Find a degree 3 polynomial with real coefficients having zeros 3 and 4 i and a lead coefficient of 1. Write P in expanded form. Be sure to write the full equation, including P ( x ) = .

Answer 1

`P(x)=x^3-3x^2+16x-48`

Explanation:

Given information:

• Polynomial function with real coefficients.
• Zeros: 3 and 4i
• Lead coefficient of 1.

For any complex number
`z=a+bi`, the complex conjugate of the number is defined as
`z^*=a-bi`.

If f(z) is a polynomial with real coefficients, and z₁ is a root of f(z)=0, then its complex conjugate z₁* is also a root of f(z)=0.

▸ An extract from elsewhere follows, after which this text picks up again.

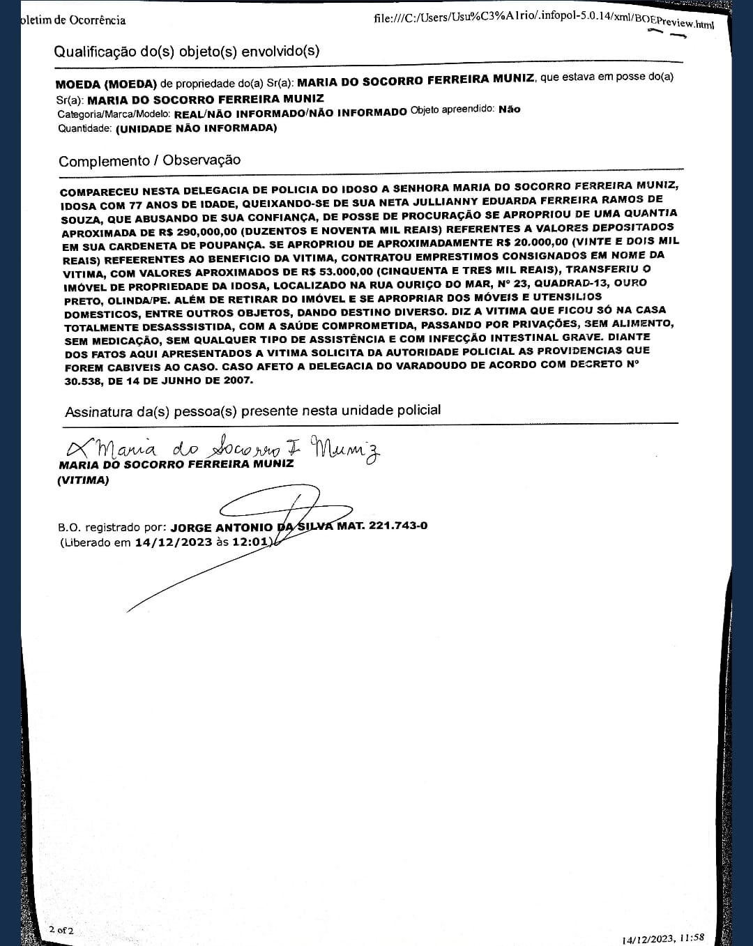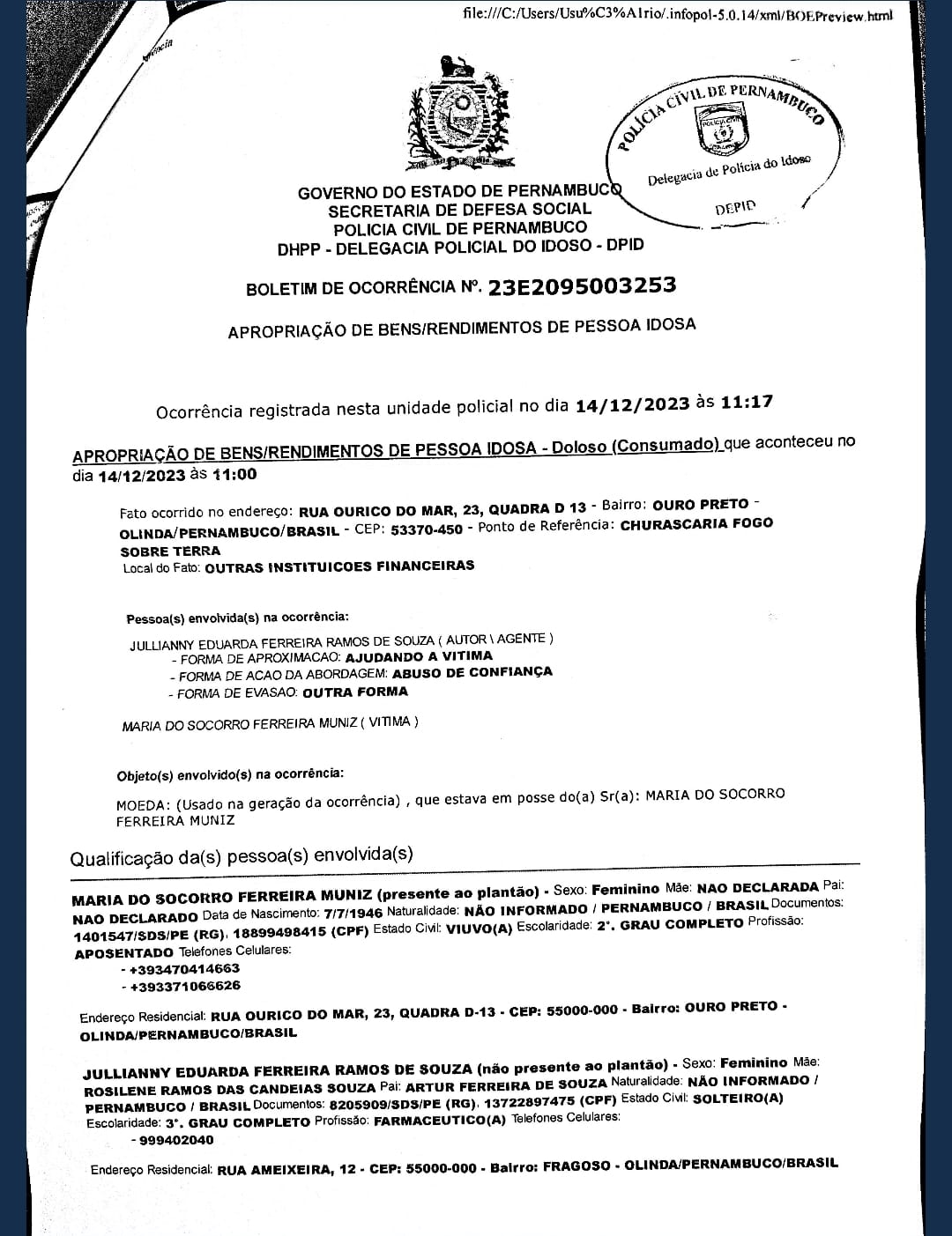 Copia della dichiarazione rilasciata il 14 dicembre scorso da Marilù e Julianny Muniz alla sezione "Delegacia de polìcia do idolo" della della 'Policia Civil', che si occupa dei casi inerenti gli anziani, la parte della popolazione maggiormente soggetta alle truffe.

Therefore, if P(x) is a polynomial with real coefficients, and 4i is a root of f(x)=0, then its complex conjugate -4i is also a root of P(x)=0.

Therefore, the polynomial in factored form is:

`P(x)=1(x-3)(x-4i)(x-(-4i))`

`P(x)=(x-3)(x-4i)(x+4i)`

Expand the polynomial:

`P(x)=(x-3)(x^2+4ix-4ix-16i^2)`

`P(x)=(x-3)(x^2-16(-1))`

`P(x)=(x-3)(x^2+16)`

`P(x)=x^3+16x-3x^2-48`

`P(x)=x^3-3x^2+16x-48`